Substituent Engineering-Enabled Structural Rigidification and Performance Improvement for C 2 /CO 2 Separation in Three Isoreticular Coordination Frameworks.

Construction of porous solid materials applied to the adsorptive removal of CO 2 from C 2 hydrocarbons is highly demanded thanks to the important role C 2 hydrocarbons play in the chemical industry but quite challenging owing to the similar physical parameters between C 2 hydrocarbons and CO 2 . In particular, the development of synthetic strategies to simultaneously enhance the uptake capacity and adsorption selectivity is very difficult due to the trade-off effect frequently existing between both of them. In this work, a combination of the dicopper paddlewheel unit and 4-pyridylisophthalate derivatives bearing different substituents afforded an isoreticular family of coordination framework compounds as a platform.
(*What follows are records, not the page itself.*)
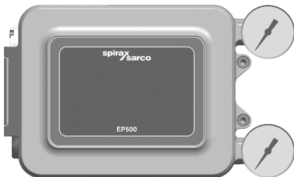
EP500 con pannello frontale chiuso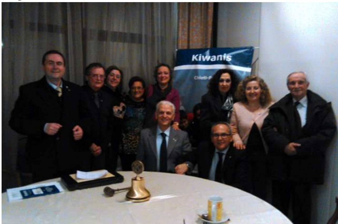
Foto di gruppo al termine dell'Assemblea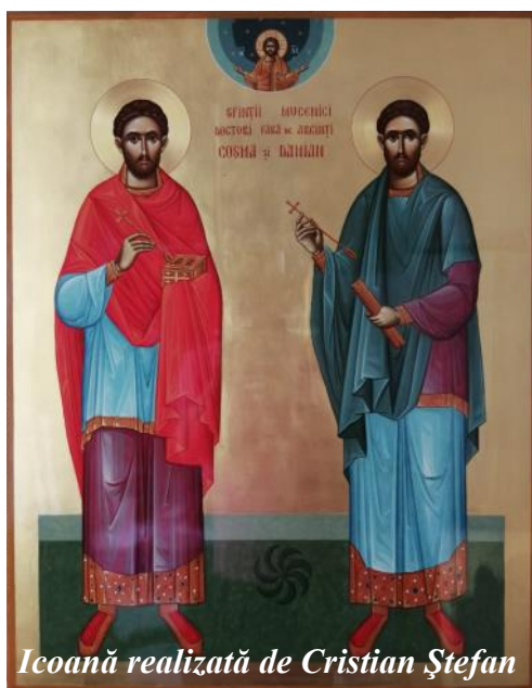
Icoană realizată de Cristian Ștefan

Astăzi, 1 noiembrie: Sf. Doctori fără de arginți Cosma și Damian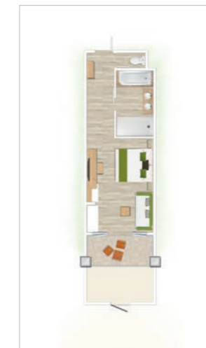
Chambre Supérieure / Chambre Supérieure Front de mer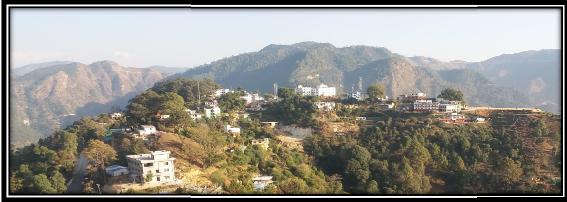
Figure 1 कार्यालयरहेको परिवेस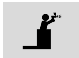
Standaard volledig geschoopeerd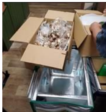
第1弾「バスあいのりマルシェ」(左)、宮崎での梱包の様子(右)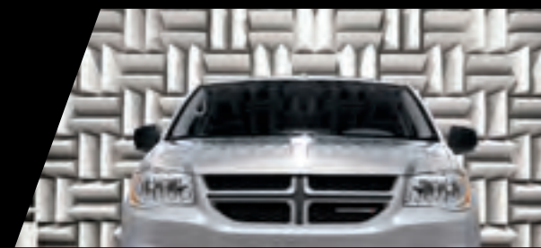
CHAMBRE ANÉCHOÏQUE — ESSAI DES BRUITS, VIBRATIONS ET SECOUSSES (BVS)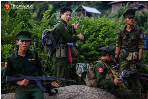
တအာန်းအမျိုးသား လွတ်မြောက်ရေး တပ်မတော် (TNLA) တပ်ဖွဲ့ဝင်များ/ဧရာဝတီ

လက်ရှိ တောင်ကြီးကားလမ်း မြောက်ဖက်တွင် ရပ်စောက်နယ်ထဲ၌ RCSS အင်အား ၂၅၀ ခန့်နှင့် ခိုလှုံ မြောက်ဖက်တွင် RCSS အင်အား ၆၀၀ ခန့်သာ ကျန်တော့သည်ဟု မြေပြင်သတင်းများအရ သိရ၏။ RCSS အနေဖြင့် ပြန်လည်ထိုးဖောက်ရန် မျှော်လင့်နေဆဲ ဖြစ်မည်။ သို့သော် SSPP နှင့် မြောက်ပိုင်းအဖွဲ့များ၏ အခိုင်အမာ နေရာယူထားမှုအား သူတဖွဲ့တည်း ပြန်လည်တုန့်ပြန်ရန် မလွယ်ကူတော့ပေ။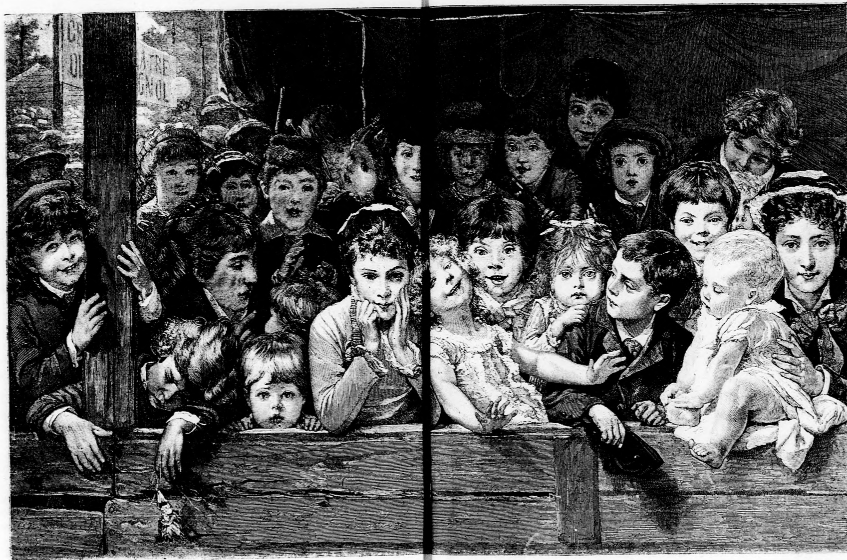
PAPRIKA JANCSI SZINE (Lásd a 411. lapon.)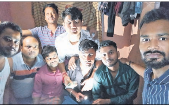
ସିକିମ୍‌ରେ ଫସି ରହିଥିବା ସୁନ୍ଦରମାନେ।

ଇଲାକାର ଖୁଲ୍‌ଲେ ବୁକର ଖୁଲ୍‌ଲେ ୧୫୦ ମିଟର ଦୂରରେ ହୋଇଛି ଏହି ପ୍ରକାଶକରୀ ବନ୍ଦ୍ୟା। ସେମାନେ ଶ୍ଯାୟ କାର୍ଯ୍ୟରେ ରହିଥିବା ବେଳେ ଜଳବନ୍ଦୀ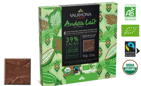
ANDOA LAIT 39% REF. 47857 EAN : 3395328715789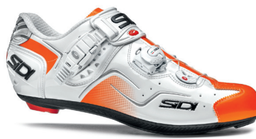
WHITE | ORANGE FLUO BIANCO | ARANCIO FLUO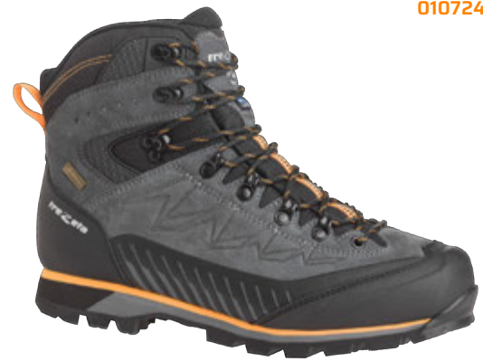
TORNADO WP GREY/ORANGE 010724235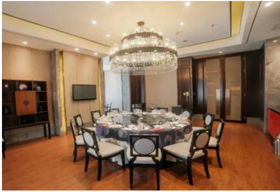
图 7 桌餐厅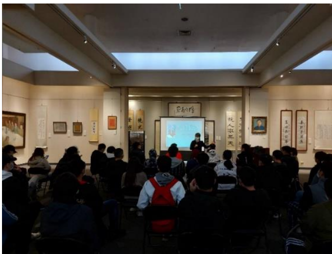
講座報名踴躍，滿場學生仔細聆聽葉執行長的分享。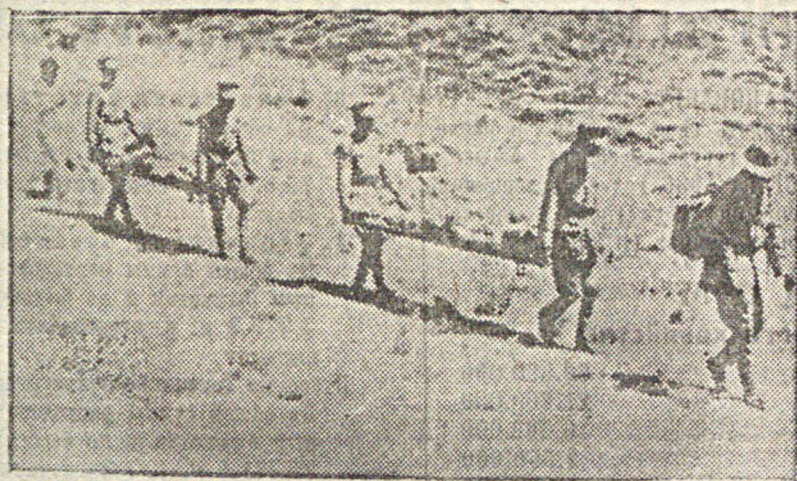
На снимке: транспорт раненых абиссинских солдат в госпиталь в Дессе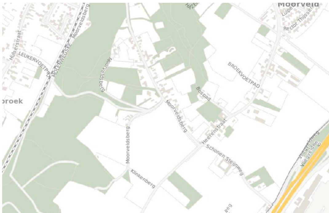
Uitsnede risicokaart met onderhavige locatie met blauw omcirkeld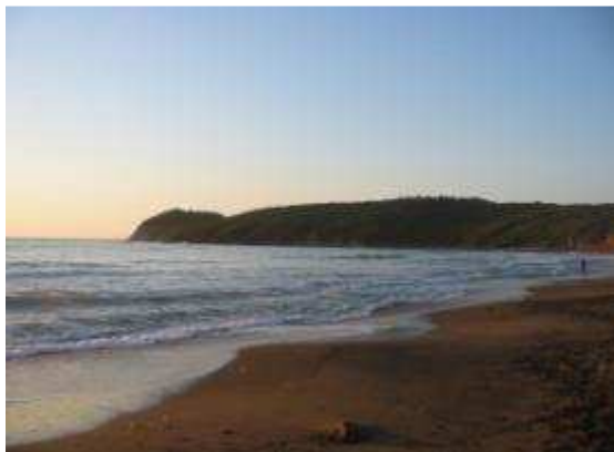
Golfo di Barati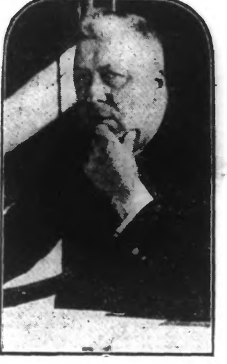
LE DOCTEUR ECKENER commandant du « Zeppelin »

Le docteur Eckener, commandant du « Comte-Zeppelin », dans un dessin incompréhensible, a soudainement délégué une violente campagne d'excitation et de diffamation contre la France; il nous a accusé d'avoir accumulé les difficultés pour entraver l'exécution du raid et de n'avoir exigé que l'on nous indique la route que suivra l'aérostat dans sa traversée de notre territoire.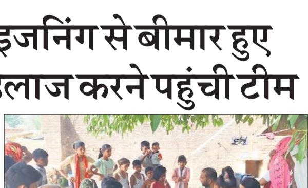
फूड प्वाइजनिंग से बीमार हुए लोगों का इलाज करती स्वास्थ्य विभाग की टीम।

अमृत विचार : कैला देवी थाना क्षेत्र के गांव शाकिन शोभापुर में बरात के दौरान भोजन करने के बाद बड़ी संख्या में लोगों के बीमार पड़ने की सूचना पर बुधवार को स्वास्थ्य विभाग और खाद्य सुरक्षा विभाग की टीम मौके पर पहुंची। सोमवार रात्रि आयोजित शादी समारोह में दूल्हा समेत 150 से अधिक लोग भोजन करने के बाद टीम मौके पर पहुंची। सोमवार रात्रि आयोजित शादी समारोह में दूल्हा समेत 150 से अधिक लोग भोजन करने के बाद टीम मौके पर पहुंची। सोमवार रात्रि आयोजित शादी समारोह में दूल्हा समेत 150 से अधिक लोग भोजन करने के बाद टीम मौके पर पहुंची। सोमवार रात्रि आयोजित शादी समारोह में दूल्हा समेत 150 से अधिक लोग भोजन करने के बाद टीम मौके पर पहुंची।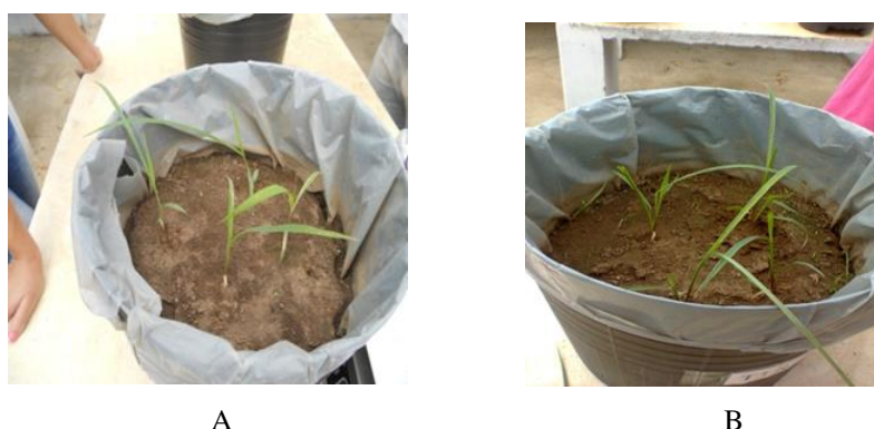
Figura 2. Desbaste das plantas (A) e Corte de uniformização (B).

Após 20 dias da emergência das plantas, ocorreu o desbaste (Figura 2A), e adubação de estabelecimento. No desbaste foram mantidas quatro plantas/vaso; enquanto que a adubação de estabelecimento consistiu da aplicação de 250,7 \text{ kg N/ha} , 249,29 \text{ kg P/ha} (18% \text{P}_2\text{O}_5 ) e 84,5 \text{ kg K/ha} (60% \text{K}_2\text{O} ), cujas fontes: sulfato de amônia, superfosfato simples e cloreto de potássio, respectivamente. Foi realizado corte de uniformização após sete dias do desbaste, numa altura de 10 cm acima do solo. (Figura 2B).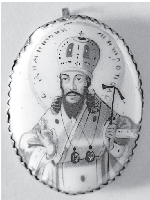
Ил. 9. Образок «Святитель Димитрий Ростовский». Около 1794 г. ГМЗРК. Ф-1617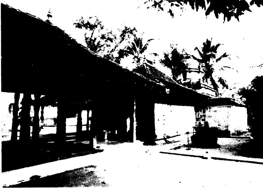
ඡායාරූපය 06. මහනුවර නාථ දේවාලය

Their adsorption properties toward C 2 hydrocarbons and CO 2 were systematically investigated, and subsequent IAST and density functional theory calculations combined with column breakthrough experiments verified their promising potential for C 2 /CO 2 separations. Furthermore, the substituent engineering endowed the resulting compounds with simultaneous enhancement of uptake capacity and adsorption selectivity and thus better C 2 /CO 2 separation performance compared to their parent compound. The substituent introduction not only mitigated the framework distortion via fixing the ligand conformation for establishment of better permanent porosity required for gas adsorption but also polarized the framework surface for host-guest interaction improvement, thus resulting in enhanced separation performance.